Aaron on 13 Dec 2011 at 8:30 pm #
“Neoconservative” is mostly just a swear word used by the right and the left. Generally, the more the word is used, the less substance there is to the argument (or rant). I agree with you, though, any definition that excludes Paul Wolfowitz is too restrictive. The guy used to work for Scoop Jackson, what more do you want?
Also, while their early concerns in the 1960s were domestic, as this guy says, already by the early 1970s they were heavily involved in foreign policy as well. Again, Scoop Jackson’s staff. And the neocon Jeanne Kirkpatrick got her job as UN ambassador in the Reagan administration based on an article she wrote for Commentary in the 1970s.
It’s also interesting that some people who were closely associated with the neocons back then have now been adopted by the paleo right. Robert Nisbet is one example.
But you hardly ever see the word “neoconservative” used in a meaningful way, lately. Usually it just means “someone I hate.”
Aaron on 13 Dec 2011 at 8:37 pm #
Also, Paul Wolfowitz even describes himself as a “Scoop Jackson Republican.” You can’t get any more neoconservative than that.
mpresley on 13 Dec 2011 at 11:59 pm #
An interesting tool (albeit one offering no context, only instances of usage in literature), is the Google Ngram Viewer. The word “neoconservative” made its first notable appearances in the 1940s, with a slow increase through the mid 60s, resulting in a usage explosion around the late 1970s. Obviously, though, the basic principles of interventionism had been determined before the time of disco, when they were popularly blamed on a peculiar conservative variant. Whatever the antecedents, today neither President Obama in practice, nor the mainstream Republican candidates in speech, eschew interventionism (the fundamental core of neoconservatism), and as near as I can tell it has been pretty much the same since Woodrow Wilson.
Prior to Wilson, interventionism was mostly confined within our hemisphere: from the time of Chester A. Arthur few men showed any particularly foreign directed ideological hubris, but were more concerned with the concrete goal of securing trade.
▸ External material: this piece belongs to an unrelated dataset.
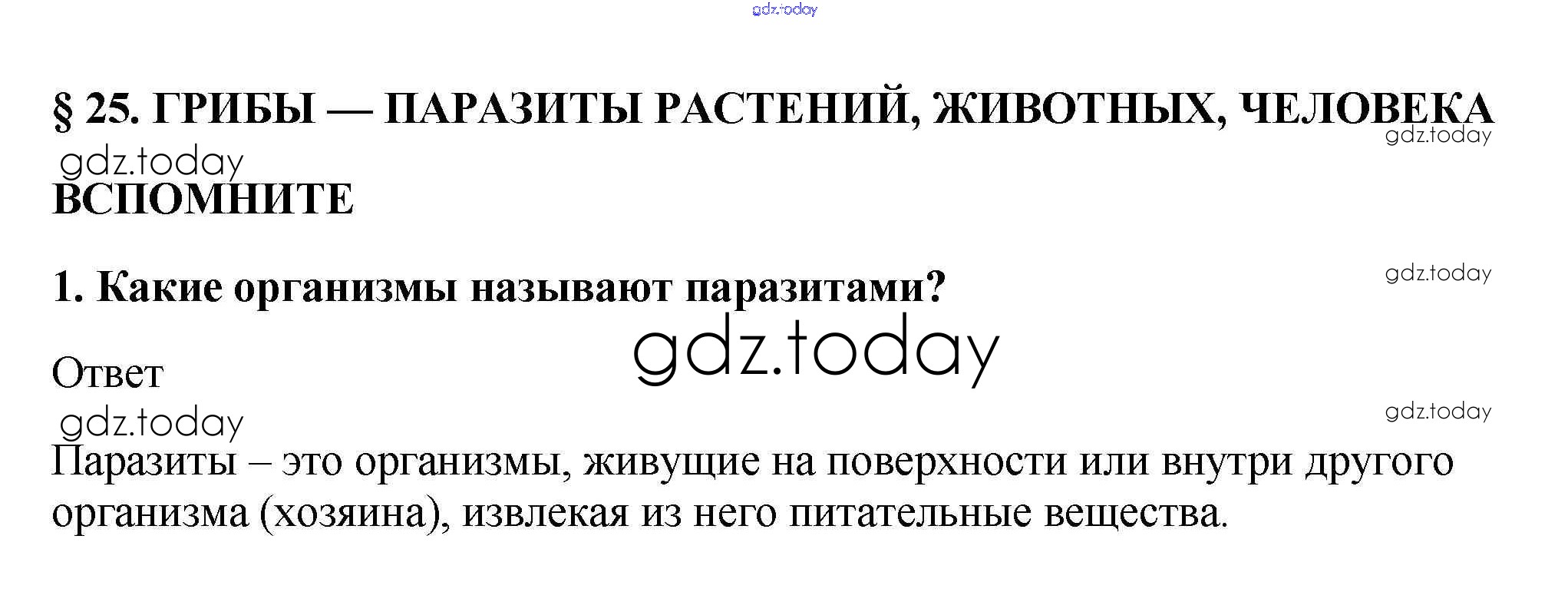 На страницах сайта gdz.today вы найдете учебный и вспомогательный материал, направленный на улучшения знаний школьной программы. ГДЗ - онлайн мир знаний Вспомните Решение к §25 1 Учебнику по Биологии для 5-6 класса Пасечник, Суматохин Просвещение Линия жизни 2020

One believes that essential interventionism is more closely aligned with an organic capitalist expansion than with any intrinsic “democratic ideal” —the notion of “democracy” as the best of all regimes and, further, a form suitable for everyone.
However much this last idea is representative of the naïve Bush, for the cynical Obama it is a bit different. Obama certainly enjoys interventionist policies, yet it is not evident that he is particularly fond of democracy, either domestic or otherwise, unless it is the most degenerate democratic form: mobocracy—a style he does appear to warm up to.